1.3.2 Databases Flashcards
what is a database
A database is nothing more than an organised collection of data.
Organising data into a database allows for easy:
Adding
Modification
Deletion
Searching
Relational Databases
An entity is an item of interest about which information is stored. A relational database is a recognises the differences between entities by creating different tables for each entity
Flat File
A flat file is a database that consists of a single file. The flat file will most likely be based around a single entity and its attributes.
Very simple, quick to set up, require little expertise to maintain and are suitable for storing small amounts of data.
Primary Key
A primary key is a unique identifier for each record in the table.
Foreign Key
A foreign key is the attribute which links two tables together.
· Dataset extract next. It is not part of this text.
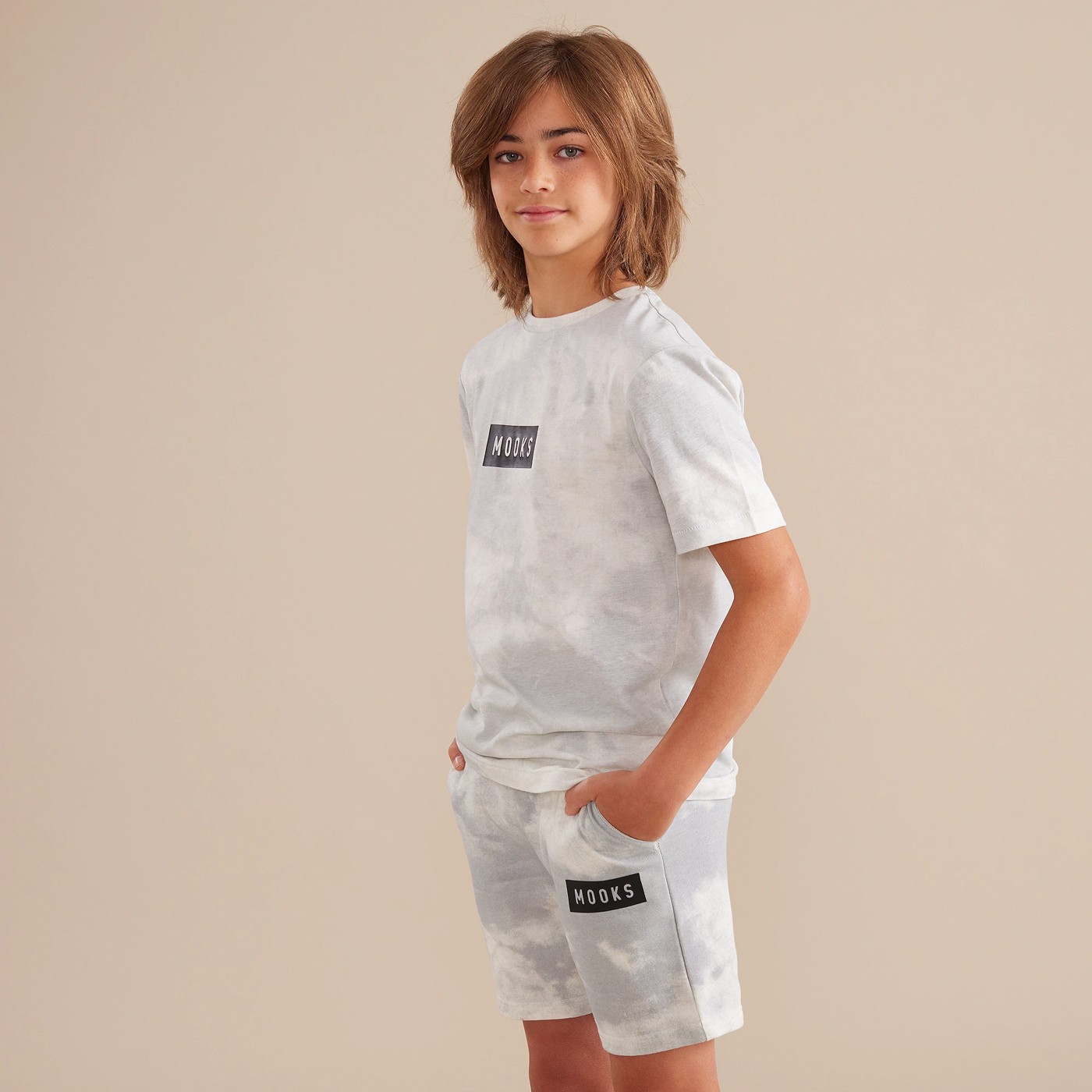 This Mooks Requisite short sleeve tee features a crew neckline, stack print on front chest. This style also features a all over acid wash effect print. This tee makes a for a great staple in his wardrobe and can be worn back with the Arrival sweat short

The foreign key will exist in one table as the primary key and act as the foreign key in another.
Secondary Key
A secondary key allows a database to be searched quickly.
Normalisation
Normalisation tries to accomplish the following things:
- All field names must be unique
- Values in fields should be from the same domain
- Values in fields should be atomic
- No two records can be identical
- Each table needs a primary key
First Normal Form
There must be no attribute that contains more than a single value.
Second Normal Form
A database which doesn’t have any partial dependencies and is in first normal form can be said to be in second normal form. This means that no attributes can depend on part of a composite key.
Third Normal Form
If the database is in second normal form and contains no non-key dependencies, it is in third normal form. A non-key dependency means the attribute only depends on the value of the primary key and nothing else
Indexing
Indexing is a method used to store the position of each record ordered by a certain attribute. This is used to look up and access data quickly. The primary key is automatically indexed
Capturing Data
Data needs to be input into the database and there are various ways of doing this. The chosen method is always dependent on the context. For example, if pedestrians are participating in a survey, their responses will need to be manually entered.
Data is also captured when people pay cheques. Banks scan cheques using Magnetic Ink Character Recognition (MICR). Optical Mark Recognition (OMR) is used for multiple choice questions on a test. Other forms use Optical Character Recognition (OCR).
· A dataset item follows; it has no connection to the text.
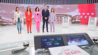 El único debate de las próximas elecciones autonómicas en el que participa la presidenta de la Comunidad de Madrid empezó este martes con una de esas frases cortas y terminó este miércoles, pasadas las 12 de la noche, con otra. Dijo Isabel Díaz Ayuso en su minuto inicial: “El 28 de mayo hay que decidir entre una comunidad ambiciosa gestionada por el PP o los que proponen subir impuestos, votar a ETA o dar las casas a okupas”. Y dijo en su minuto final: “Yo no llamo a la contra a las urnas. Llamo a favor”. Podía incluso acortarse más: o PP o ETA, que es el mensaje general que los populares repiten para pedir el voto en las elecciones autonómicas o municipales allá donde van.

Selecting and Managing Data
Selecting the correct data is an important part of data preprocessing. This could involve only selecting data that fits a certain criteria to reduce the volume of input. Collected data can be managed using SQL to sort, restructure and select certain sections.
Exchanging Data
Exchanging data is the process of transferring the data that has been collected. One common example of this is EDI (Electronic Data Interchange).
SQL
SQL stands for Structured Query Language and is a declarative Synoptic Link language used to manipulate databases. SQL enables the creating, removing and updating of databases.